- _Exercise directions_: Reproduce all the lines below exactly and omit the images.

Saved data entries
BEGIN
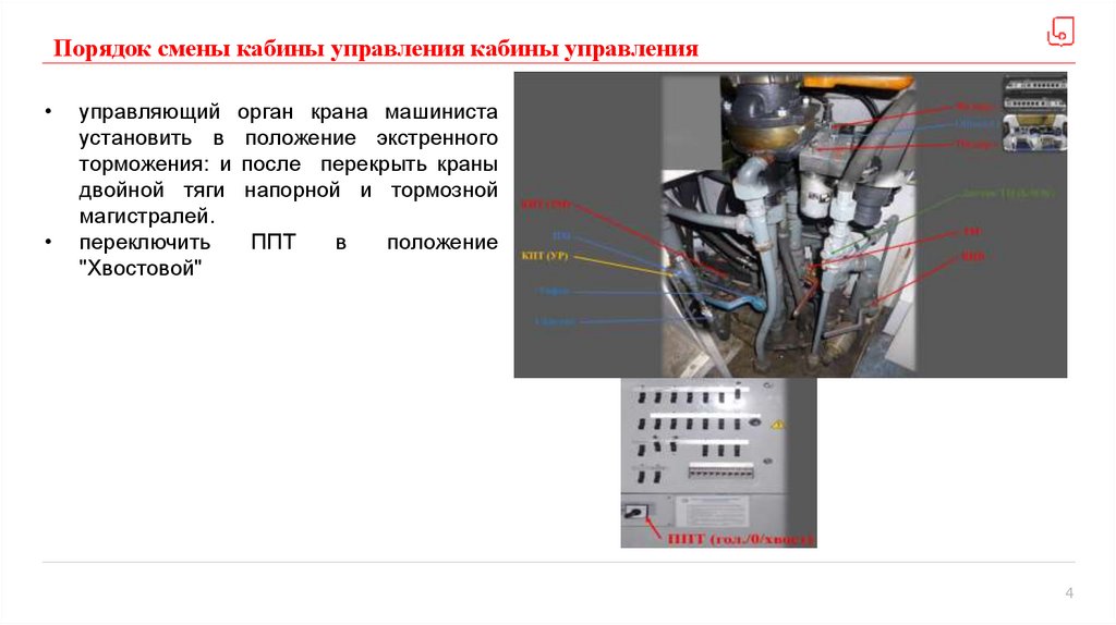 Порядок смены кабины управления кабины управленияуправляющий орган крана машиниста
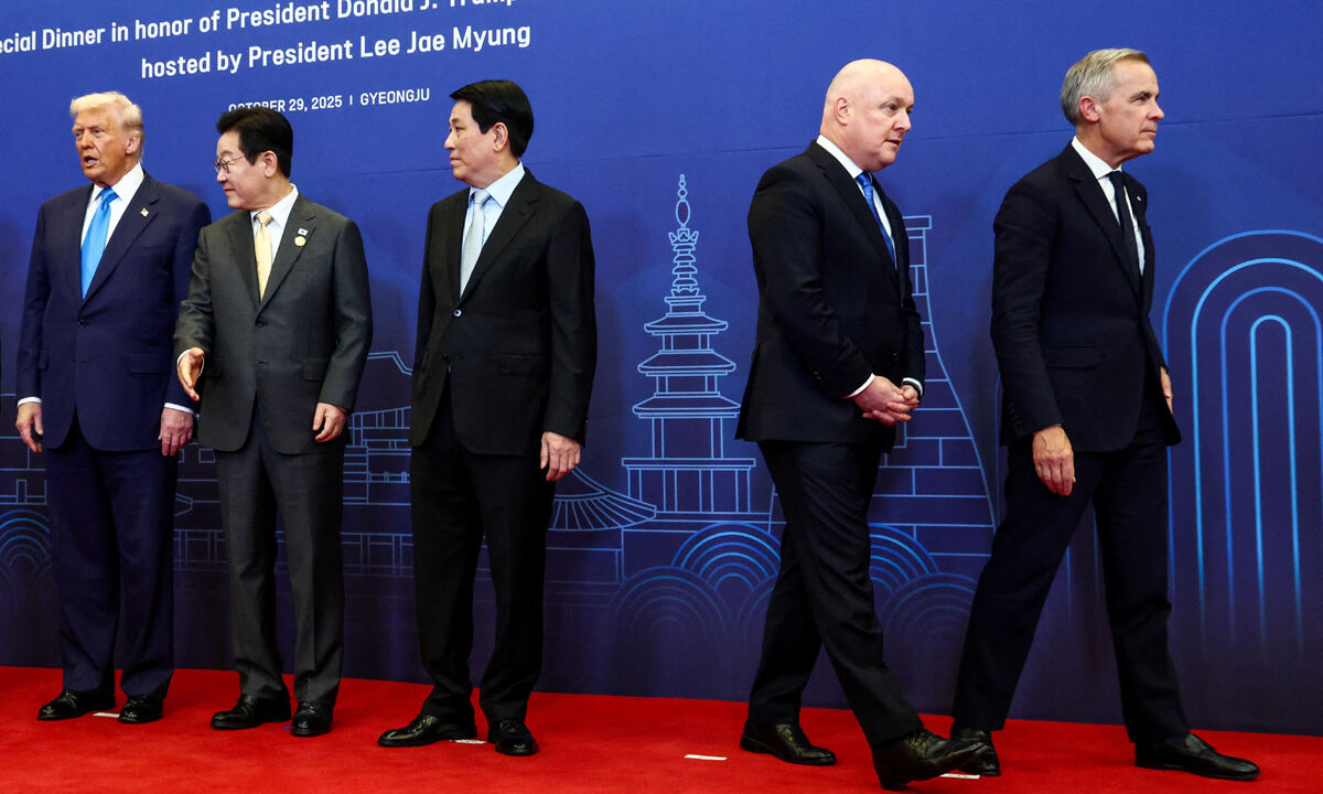 29일 CBC 방송 등 캐나다 언론에 따르면 카니와 트럼프는 이날 저녁 이재명 대통령이 경주 힐튼 호텔에서 주최한 만찬에 나란히 참석했다. 에이펙 정상회의 참석차 한국을 방문한 외국 정상들 가운데 카니와 트럼프를 포함해 7명이 함께했다. 만찬 테이블 좌석 배치를 보면 트럼프는 이 대통령 바로 오른쪽에 앉았고, 트럼프와 정확히 마주보는 맞은편 자리에 카니가 착석했다.
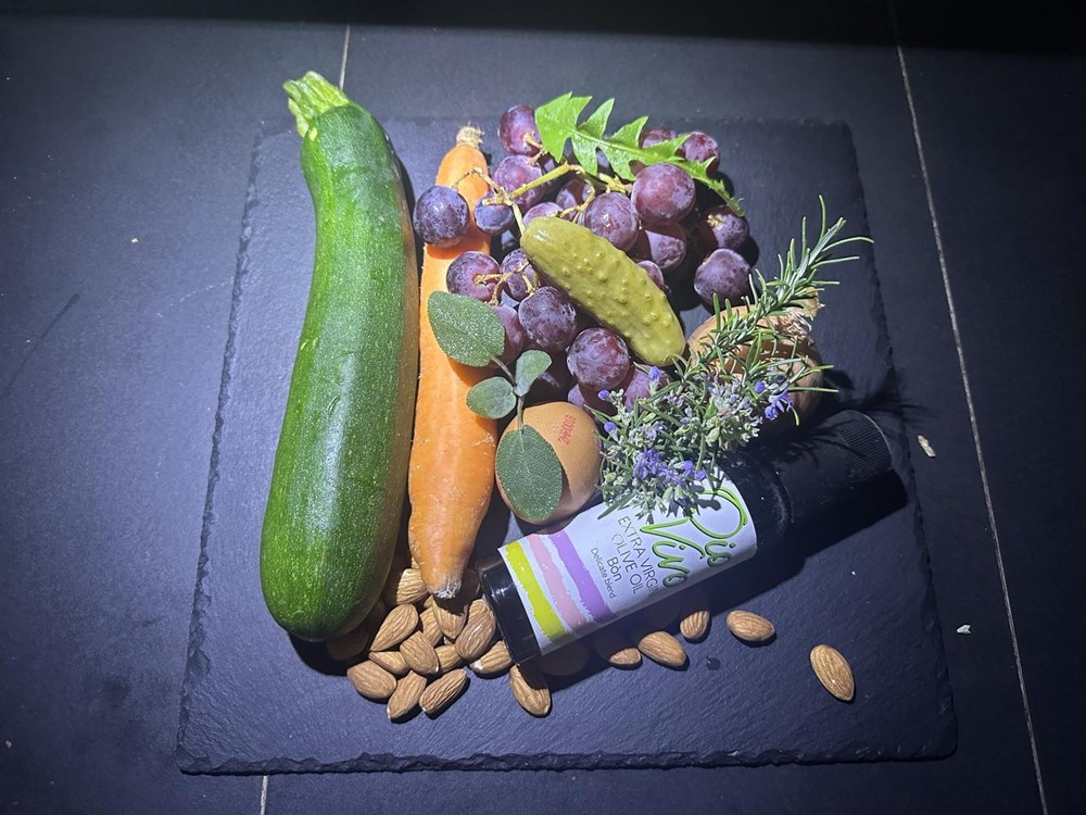 Zatim po tom grožđu stavite smjesu naribane mrkve, peršina, listova maslačka u koju ste stavili jušnu žlicu maslinovog ulja u kojemu ste pekli grožđe, sok mandarine, papar i sol i sve dobro izmiješali. Po toj gustoj smjesi mrkve, mandarine, peršina i lista maslačka poredajte tikvicu prženu na maslinovu ulju. Po tikvici poredajte kiseli krastavac na fete.
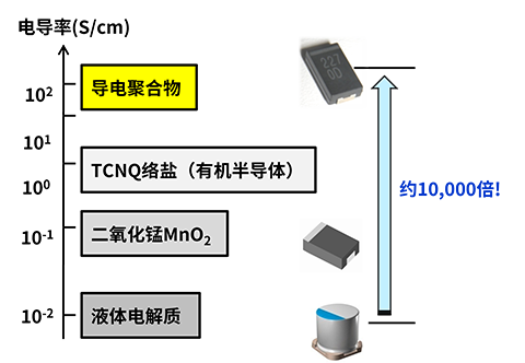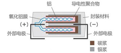 另一方面,采用“固体”电解质的铝电解电容器因为是固体(导电聚合物)而不需要气密密封,所以不仅有罐型,而且有树脂成型表面贴装型,具有容量大、产品高度低的特点。此外,由于是固体电解质,所以不存在挥发的风险,因此具有比液体电解质寿命更长的特点。
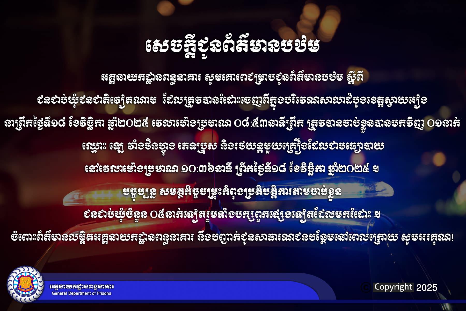ក្នុងនោះ អគ្គនាយកដ្ឋានពន្ធធនាគារ បានជូនព័ត៌មានបឋមឱ្យដឹងថា ជនជាប់ឃុំជនជាតិវៀតណាម ដែលត្រូវបានរំដោះចេញពីក្នុងបរិវេណសាលាដំបូងខេត្តស្វាយរៀង នាព្រឹកថ្ងៃទី ១៨ ខែវិច្ឆិកា ឆ្នាំ ២០២៥ វេលាម៉ោងប្រមាណ ០៨:៥៣ នាទីព្រឹក ត្រូវបានចាប់ខ្លួនបានមកវិញ ០១ នាក់ ឈ្មោះ ឡេ វាំងថិនហ្លួង ភេទប្រុស និង រថយន្តមួយគ្រឿងដែលជាមធ្យោបាយ នៅវេលាម៉ោងប្រមាណ ១០:៣៦ នាទី ព្រឹកថ្ងៃទី ១៨ ខែវិច្ឆិកា ឆ្នាំ២០២៥ ។
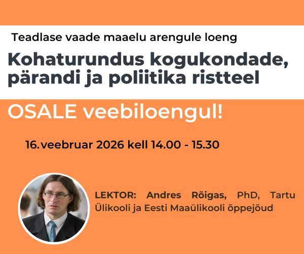 Veebiseminaris „Teadlase vaade maaelu arengule" esineb Andres Rõigas, PhD, kes räägib kohaturundusest kogukondade, pärandi ja poliitika ristteel. Loengus käsitletakse muu hulgas, miks senised regionaalpoliitilised meetmed pole ebavõrdsust piisavalt vähendanud ning millist rolli võivad muutuste käivitamisel mängida kohalik algatus, väärtuspõhine turundus ja sotsiaalne kapital.
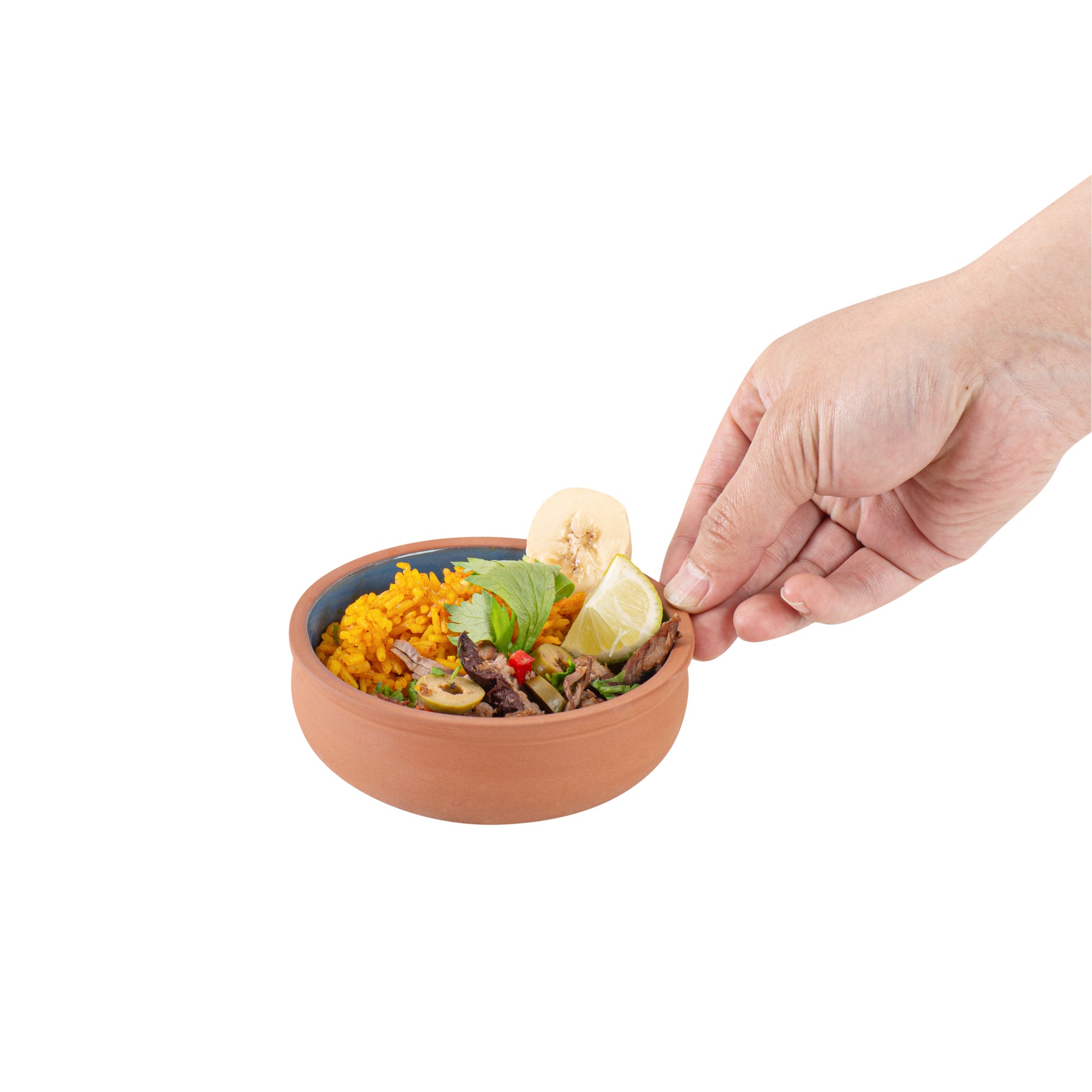 Elevate your culinary presentation with our Terra Tek 7-ounce Terracotta Cazuela Bowls. Expertly crafted from durable terracotta, these recyclable cazuela bowls offer a long-lasting solution for your restaurant or catering business. The blue glazed interior of these greaseproof glazed bowls adds a vibrant pop of color, elevating the aesthetic appeal of your dishes. Perfect for a variety of meals, these oven-ready cooking bowls can go straight from the oven to the table, offering versatility and convenience. To cover your reheating and food storage needs, these microwave cooking bowls are both microwavable and freezable. For easy cleanup after a busy service, these gourmet kitchen bowls are dishwashable. Each of these reusable terracotta bowls has a generous capacity of 7 ounces, making them ideal for serving hearty stews or decadent desserts. Measuring 4.5 inches in diameter by 1.5 inches in height, these blue greaseproof glazed bowls are compact yet spacious enough to hold a variety of dishes. Sold in a 10 count box.
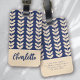 Monogramm des blauen Retro-Vibe-Leaf-Musters Gepäckanhänger
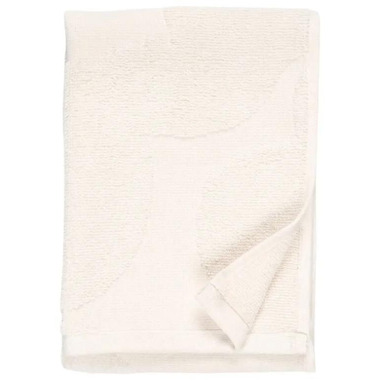 Marimekkos Unikko Solid badlakan är prytt med Maija Isolas upphöjda blommönster i en naturligt vit nyans. Handdukens baksida är slät. Badlakanet är tillverkat i mjuk, absorberande frotté av ekologisk bomull och ger en elegant touch till badrumsmiljön och vardagsrutinerna. Komplettera med andra Unikko-handdukar.
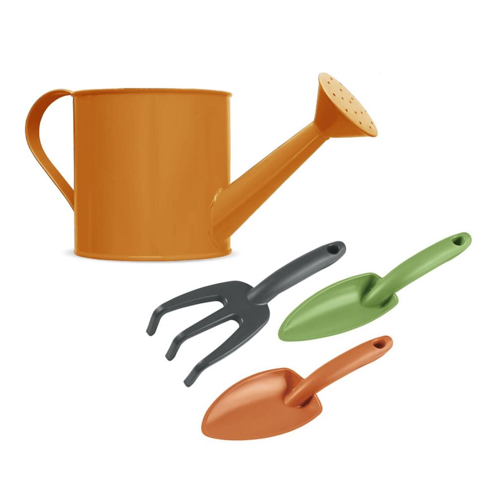 Regador de plantas e ferramentas para jardinagem. Ideal para usar na horticultura, fruticultura, jardinagem e serviços gerais. A pazinha larga é utilizada para cavar, remover e transportar a terra. A pazinha estreita é utilizada para cavar o solo e transplantar mudas. O ancinho é utilizado para afofar a terra e remover detritos. Se você gosta de ter um pedacinho de natureza na sua casa e precisa de ferramentas leves e compactas para plantar suas flores, hortaliças, temperos e frutas, você irá adorar o conjunto para jardinagem Tramontina. São ferramentas resistentes e coloridas que irão auxiliar no momento de cavar, arar e afofar a terra para plantar ou retirar mudas. As ferramentas são fabricadas em polipropileno de alta resistência, proporcionando maior durabilidade e ótimo acabamento. Os cabos possuem formato ergonômico, assegurando mais conforto durante o uso. O regador é otimo para manter as plantas sempre bem cuidadas com mais praticidade e economia de agua. O regador de jardim indicado para ambientes externos e internos, perfeito para regar arvores, plantas, canteiros e vasos.
END
- _Completed task_:
 Порядок смены кабины управления кабины управленияуправляющий орган крана машиниста
 29일 CBC 방송 등 캐나다 언론에 따르면 카니와 트럼프는 이날 저녁 이재명 대통령이 경주 힐튼 호텔에서 주최한 만찬에 나란히 참석했다. 에이펙 정상회의 참석차 한국을 방문한 외국 정상들 가운데 카니와 트럼프를 포함해 7명이 함께했다. 만찬 테이블 좌석 배치를 보면 트럼프는 이 대통령 바로 오른쪽에 앉았고, 트럼프와 정확히 마주보는 맞은편 자리에 카니가 착석했다.
 Zatim po tom grožđu stavite smjesu naribane mrkve, peršina, listova maslačka u koju ste stavili jušnu žlicu maslinovog ulja u kojemu ste pekli grožđe, sok mandarine, papar i sol i sve dobro izmiješali. Po toj gustoj smjesi mrkve, mandarine, peršina i lista maslačka poredajte tikvicu prženu na maslinovu ulju. Po tikvici poredajte kiseli krastavac na fete.
 另一方面,采用“固体”电解质的铝电解电容器因为是固体(导电聚合物)而不需要气密密封,所以不仅有罐型,而且有树脂成型表面贴装型,具有容量大、产品高度低的特点。此外,由于是固体电解质,所以不存在挥发的风险,因此具有比液体电解质寿命更长的特点。
ក្នុងនោះ អគ្គនាយកដ្ឋានពន្ធធនាគារ បានជូនព័ត៌មានបឋមឱ្យដឹងថា ជនជាប់ឃុំជនជាតិវៀតណាម ដែលត្រូវបានរំដោះចេញពីក្នុងបរិវេណសាលាដំបូងខេត្តស្វាយរៀង នាព្រឹកថ្ងៃទី ១៨ ខែវិច្ឆិកា ឆ្នាំ ២០២៥ វេលាម៉ោងប្រមាណ ០៨:៥៣ នាទីព្រឹក ត្រូវបានចាប់ខ្លួនបានមកវិញ ០១ នាក់ ឈ្មោះ ឡេ វាំងថិនហ្លួង ភេទប្រុស និង រថយន្តមួយគ្រឿងដែលជាមធ្យោបាយ នៅវេលាម៉ោងប្រមាណ ១០:៣៦ នាទី ព្រឹកថ្ងៃទី ១៨ ខែវិច្ឆិកា ឆ្នាំ២០២៥ ។
 Veebiseminaris „Teadlase vaade maaelu arengule" esineb Andres Rõigas, PhD, kes räägib kohaturundusest kogukondade, pärandi ja poliitika ristteel. Loengus käsitletakse muu hulgas, miks senised regionaalpoliitilised meetmed pole ebavõrdsust piisavalt vähendanud ning millist rolli võivad muutuste käivitamisel mängida kohalik algatus, väärtuspõhine turundus ja sotsiaalne kapital.
 Elevate your culinary presentation with our Terra Tek 7-ounce Terracotta Cazuela Bowls. Expertly crafted from durable terracotta, these recyclable cazuela bowls offer a long-lasting solution for your restaurant or catering business. The blue glazed interior of these greaseproof glazed bowls adds a vibrant pop of color, elevating the aesthetic appeal of your dishes. Perfect for a variety of meals, these oven-ready cooking bowls can go straight from the oven to the table, offering versatility and convenience. To cover your reheating and food storage needs, these microwave cooking bowls are both microwavable and freezable. For easy cleanup after a busy service, these gourmet kitchen bowls are dishwashable. Each of these reusable terracotta bowls has a generous capacity of 7 ounces, making them ideal for serving hearty stews or decadent desserts. Measuring 4.5 inches in diameter by 1.5 inches in height, these blue greaseproof glazed bowls are compact yet spacious enough to hold a variety of dishes. Sold in a 10 count box.
 Monogramm des blauen Retro-Vibe-Leaf-Musters Gepäckanhänger
 Marimekkos Unikko Solid badlakan är prytt med Maija Isolas upphöjda blommönster i en naturligt vit nyans. Handdukens baksida är slät. Badlakanet är tillverkat i mjuk, absorberande frotté av ekologisk bomull och ger en elegant touch till badrumsmiljön och vardagsrutinerna. Komplettera med andra Unikko-handdukar.
 Regador de plantas e ferramentas para jardinagem. Ideal para usar na horticultura, fruticultura, jardinagem e serviços gerais. A pazinha larga é utilizada para cavar, remover e transportar a terra. A pazinha estreita é utilizada para cavar o solo e transplantar mudas. O ancinho é utilizado para afofar a terra e remover detritos. Se você gosta de ter um pedacinho de natureza na sua casa e precisa de ferramentas leves e compactas para plantar suas flores, hortaliças, temperos e frutas, você irá adorar o conjunto para jardinagem Tramontina. São ferramentas resistentes e coloridas que irão auxiliar no momento de cavar, arar e afofar a terra para plantar ou retirar mudas. As ferramentas são fabricadas em polipropileno de alta resistência, proporcionando maior durabilidade e ótimo acabamento. Os cabos possuem formato ergonômico, assegurando mais conforto durante o uso. O regador é otimo para manter as plantas sempre bem cuidadas com mais praticidade e economia de agua. O regador de jardim indicado para ambientes externos e internos, perfeito para regar arvores, plantas, canteiros e vasos.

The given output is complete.